The answer depends on whether you mean is any planet bigger than any star (Case 1), or whether the planet and star have to be in the same system and have been discovered/measured (Case 2), rather than just that they could exist in principle. There is also now a Case 3 which would be planets orbiting compact objects like neutron stars and white dwarfs.
The answer to Case 1 is yes - planets can be demonstrably bigger than stars. The answer to Case 2 is that whilst such systems may exist in principle, they are probably rare and there are not yet (in late 2024) any reported examples. The answer to Case 3 is yes; there are now several planets known orbiting both neutron stars and white dwarfs that are almost certainly bigger than the compact star.
An interesting suggestion is that a young exoplanet might offer the best chance of being bigger than its host star. This is because the contraction timescale of a giant planet is longer than the pre main sequence contraction timescale of its star. The curves in the plot above for 1 Gyr and 10 Gyr show this effect, but it is even more extreme for ages $0.1$ Gyr. Thus the best chance of finding planets bigger than their host stars is to look at young systems in star forming regions. Some of these may already have been found using direct imaging, though in my opinion these quite high-mass "exoplanets" ($>5$ Jupiter masses) orbiting at very large distances ($>100$ au) are more like binary brown dwarfs.
Case 3
There are now examples of planets that orbits compact stars (neutron stars and brown dwarfs).
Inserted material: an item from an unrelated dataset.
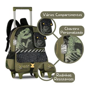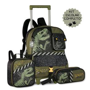O Kit Escolar Infantil Dinossauro com Mochila de Rodinhas com Lancheira e Estojo foi pensado para trazer praticidade, conforto e muito estilo para o dia a dia escolar dos meninos. A Mochila de Rodinhas TX25026K é confeccionada em poliéster resistente com detalhes em ripstop, estampa exclusiva de dinossauro e chaveiro personalizado que dá um charme especial. Possui compartimento principal espaçoso com fechamento em zíper, além de dois bolsos frontais para manter o material sempre organizado. Nas laterais, conta com bolsos telados ideais para garrafinhas. Suas rodinhas traseiras resistentes e base de apoio frontal oferecem estabilidade, enquanto o puxador em alumínio facilita o transporte. Também pode ser utilizada nas costas, já que possui alças ajustáveis e acolchoadas, além de alça de mão superior. Dimensões aproximadas: 40x30x13cm. A Lancheira Térmica TX25028L traz praticidade para os lanches da escola, mantendo os alimentos bem conservados graças ao revestimento térmico. Produzida em poliéster com frente em telado duplo, possui fechamento em zíper, alça de costas ajustável, alça de mão superior e alça carona que permite acoplar facilmente na mochila de rodinhas. Dimensões aproximadas: 23x20x11cm. O Estojo TX25029E complementa o kit com muito espaço interno para armazenar lápis, canetas, borrachas e outros itens escolares. Confeccionado em poliéster, possui frente em telado duplo, puxador de zíper personalizado e alça de mão para facilitar o uso. Dimensões aproximadas: 21x9x6cm. Com design moderno e tema de dinossauro em tons de verde, esse kit é funcional e perfeito para meninos que buscam estilo e praticidade na rotina escolar. Marca: Não Informado
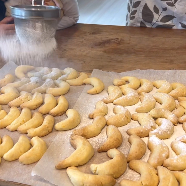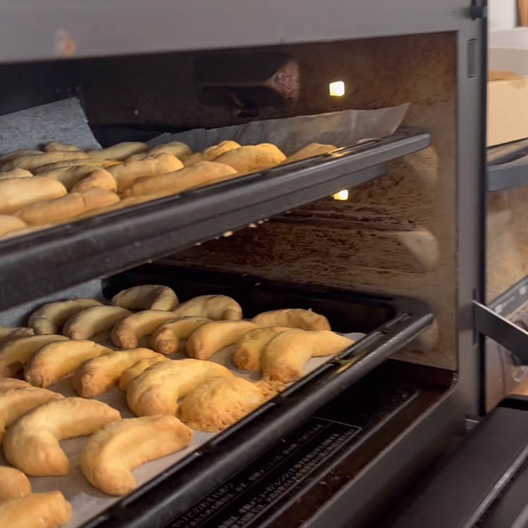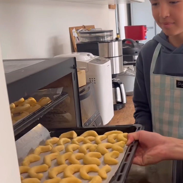 ⑤成型した三日月生地をオーブンシートを敷いた天板に並べて、10~12分焼く

In fact some of the first exoplanets discovered were around pulsars. Even the least massive of these "pulsar planets" is likely to be bigger than the $\sim$10 km radius of the neutron star it orbits.
There are also now examples of giant planets found around white dwarfs. Since white dwarfs are around the same size of the Earth, a giant planet would certainly be larger. The difficulty is in constraining the mass of the potential planet to be less than that of a brown dwarf (roughly 14 Jupiter masses). An example is WD 1856+534, which eclipses the brown dwarf and very likely has a mass less than 14 times that of Jupiter and is roughly the same size as Jupiter.
JWST has also directly imaged two planetary candidates around two white dwarfs (Mullally et al. 2024). These are likely to have mass in the range 1-7 Jupiter masses and must be far bigger than the white dwarfs, or they wouldn't be visible at all.